Experiment 029
Rotated combined Pareto: research payoff, deployable
Perf record: 029-rotated-pareto.json.
Cohere v3, 1M × 1024, cosine, Granite box. --quant binary --rotate 2 --batch 16 --scan-bits N --rerank C.
What we did
Combine the deployable, popcount-speed pieces of the RaBitQ research — the free rotation (026, recall up at no cost; rescues prefix in 027) — with the existing batch winners (tiling 016, prefix 014) and re-draw the frontier. This is the practical answer to "did the research make it better?": rotated-symmetric keeps full popcount throughput, unlike the slow RaBitQ estimator (028).

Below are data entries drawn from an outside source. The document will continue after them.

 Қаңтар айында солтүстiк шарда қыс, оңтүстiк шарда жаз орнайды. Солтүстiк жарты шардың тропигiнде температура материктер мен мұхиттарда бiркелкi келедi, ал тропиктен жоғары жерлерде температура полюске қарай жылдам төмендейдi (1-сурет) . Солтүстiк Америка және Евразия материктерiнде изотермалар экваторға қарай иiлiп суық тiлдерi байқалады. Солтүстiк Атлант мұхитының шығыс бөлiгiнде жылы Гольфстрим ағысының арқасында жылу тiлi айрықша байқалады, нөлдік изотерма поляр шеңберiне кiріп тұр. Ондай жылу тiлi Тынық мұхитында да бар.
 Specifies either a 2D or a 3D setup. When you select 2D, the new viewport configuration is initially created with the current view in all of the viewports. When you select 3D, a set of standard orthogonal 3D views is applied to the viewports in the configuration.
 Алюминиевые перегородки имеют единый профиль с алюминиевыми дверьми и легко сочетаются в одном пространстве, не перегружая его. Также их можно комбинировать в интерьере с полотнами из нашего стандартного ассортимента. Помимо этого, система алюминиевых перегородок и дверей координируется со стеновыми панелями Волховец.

Result — the frontier moves out at every tier
| scan-bits | C | 018 (no rotation) | 029 (rot×2) |
|---|---|---|---|
| 1024 | 500 | — | 0.9886 @ 915 |
| 1024 | 1000 | 0.9931 @ 850 | 0.9960 @ 844 |
| 1024 | 2000 | 0.9975 @ 731 | 0.9990 @ 730 |
| 768 | 1000 | 0.9703 @ 893 | 0.9829 @ 957 |
| 768 | 2000 | 0.9864 @ 762 | 0.9940 @ 815 |
| 512 | 2000 | 0.9303 @ 829 | 0.9626 @ 831 |
Conclusions
- Rotation dominates the prior frontier — for free. At every operating point it delivers higher recall at equal-or-better QPS. The rotation costs nothing at serve time (baked into codes; a tiny per-query FWHT) and nothing in memory.

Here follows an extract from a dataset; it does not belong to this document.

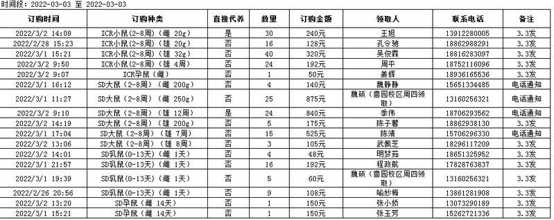 3月3日实验动物中心动物发放表

- The standout is the prefix tier: 768-bit/C=2000 goes 0.986 @ 762 → 0.994 @ 815 (+8 pts recall and +7% QPS), because rotation rescued truncation (027). High recall at a truncated scan is now real — the prefix lever finally pays at the 0.99 tier, not just below 0.97.
- New best operating points vs the whole project:
- 0.996 @ 844 QPS (full, C=1000) — beats 020's 0.993 @ 851 on recall at ~same QPS.

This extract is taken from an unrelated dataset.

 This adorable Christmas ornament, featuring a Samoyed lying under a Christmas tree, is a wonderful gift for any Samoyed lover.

- 0.999 @ 730 QPS (full, C=2000).
- 0.994 @ 815 QPS (768, C=2000) — same recall as the original 009 (0.994) at 815 vs 585 QPS (+39%).
The arc
Original 009: 0.994 @ 585. Post-throughput-work (020): 0.993 @ 851. Post-research (029): 0.996 @ 844 or 0.994 @ 815, i.e. higher recall and higher throughput than either — from a free random rotation grounded in RaBitQ/ITQ.
Caveats
- Rotated-symmetric (popcount-speed). The RaBitQ estimator (028) would push recall-per-C further but needs the fast SIMD kernel first.
- tile=16, reps=5, CV < 0.2%; spot box, compare within table.